In successful face-to-face communication, a message is translated into a sound wave, which is transmitted through the air and translated back to the original message when it is heard by the other party.

The model consists of five basic components: a source, a transmitter, a channel, a receiver, and a destination. The source of information is usually a person and decides which message to send. The message can take various forms, such as a sequence of letters, sounds, or images. The transmitter is responsible for translating the message into a signal. To send the signal, a channel is required. Channels are ways of transmitting signals, like light, sound waves, radio waves, and electrical wires. The receiver performs the opposite function of the transmitter: it translates the signal back into a message and makes it available to the destination. The destination is the person for whom the message was intended.

Shannon and Weaver focus on telephonic conversation as the paradigmatic case of how messages are produced and transmitted through a channel. But their model is intended as a general model that can be applied to any form of communication. For a regular face-to-face conversation, the person talking is the source, the mouth is the transmitter, the air is the channel transmitting the sound waves, the listener is the destination, and the ear is the receiver. In the case of a landline phone call, the source is the person calling, the transmitter is their telephone, the channel is the wire, the receiver is another telephone and the destination is the person using the second telephone. To apply this model accurately to real-life cases, some of the components may have to be repeated. For the telephone call, for example, the mouth is also a transmitter before the telephone itself as a second transmitter.

== Problems of communication ==
Shannon and Weaver identify and address problems in the study of communication at three basic levels: technical, semantic, and effectiveness problems (referred to as levels A, B, and C). Shannon and Weaver hold that models of communication should provide good responses to all three problems, ideally by showing how to make communication more accurate and efficient. The prime focus of their model is the technical level, which concerns the issue of how to accurately reproduce a message from one location to another location. For this problem, it is not relevant what meaning the message carries. By contrast, it is only relevant that the message can be distinguished from different possible messages that could have been sent instead of it.

Semantic problems go beyond the symbols themselves and ask how they convey meaning. Shannon and Weaver assumed that the meaning is already contained in the message but many subsequent communication theorists have further problematized this point by including the influence of cultural factors and the context in their models.
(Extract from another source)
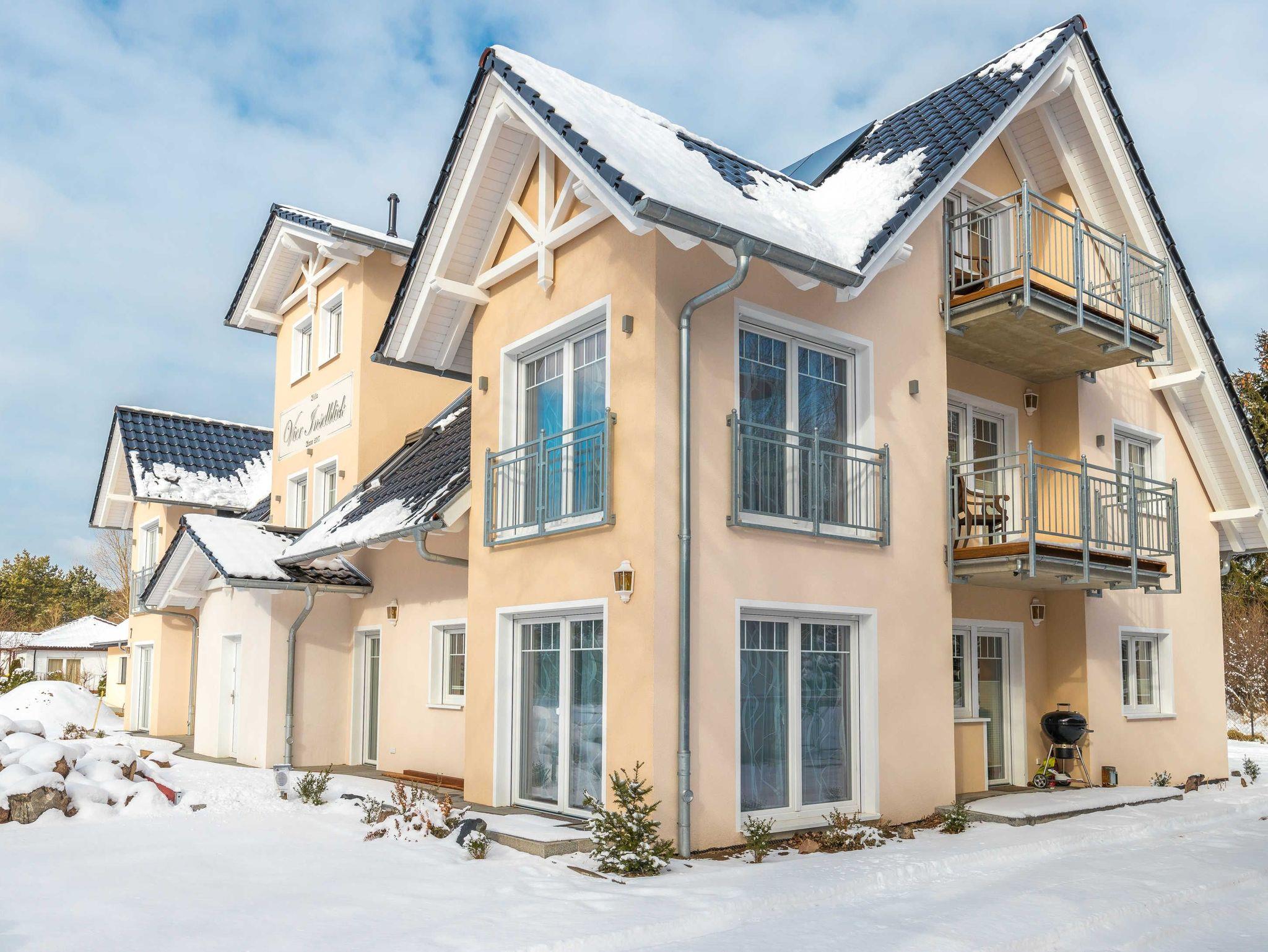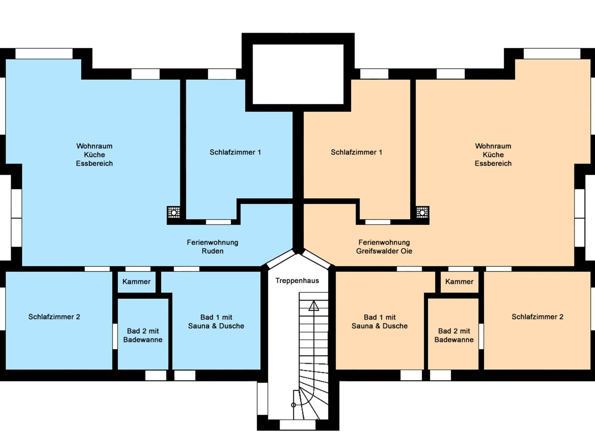 Die zwei Ferienwohnungen im Obergeschoss verfügen jeweils über einen Wohnraum mit integriertem Küchen- und Essbereich und Kaminofen, vier separaten Schlafzimmern mit Balkonen und drei Bädern. Die Ferienwohnung Usedom hat einen 40m² großen Saunabereich mit Dusche, Ruheliegen und Balkon.

The effectiveness problem is based on the idea that the person sending the message has some goal in mind concerning how the person receiving the message is going to react. In this regard, effectivity means that the reaction matches the speaker's goal.The problem of effectivity concerns the question of how to achieve this. Many critics have rejected this aspect of Shannon and Weaver's theory since it seems to equate communication with manipulation or propaganda.

=== Noise and redundancy ===
To solve the technical problem at level A, it is necessary for the receiver to reconstruct the original message from the signal. However, various forms of noise can interfere and distort it. Noise is not intended by the source and makes it harder for the receiver to reconstruct the source's intention found in the original message. Crackling sounds during a telephone call or snow on a television screen are examples of noise. One way to solve this problem is to make the information in the message partially redundant. This way, distortions can often be identified and the original meaning can be reconstructed. A very basic form of redundancy is to repeat the same message several times. But redundancy can take various other forms as well. For example, the English language is redundant in the sense that many possible combinations of letters are meaningless. So the term "comming" does not have a distinct meaning. For this reason, it can be identified as a misspelling of the term "coming", thus revealing the source's original intention. Redundancy makes it easier to detect distortions but its drawback is that messages carry less information.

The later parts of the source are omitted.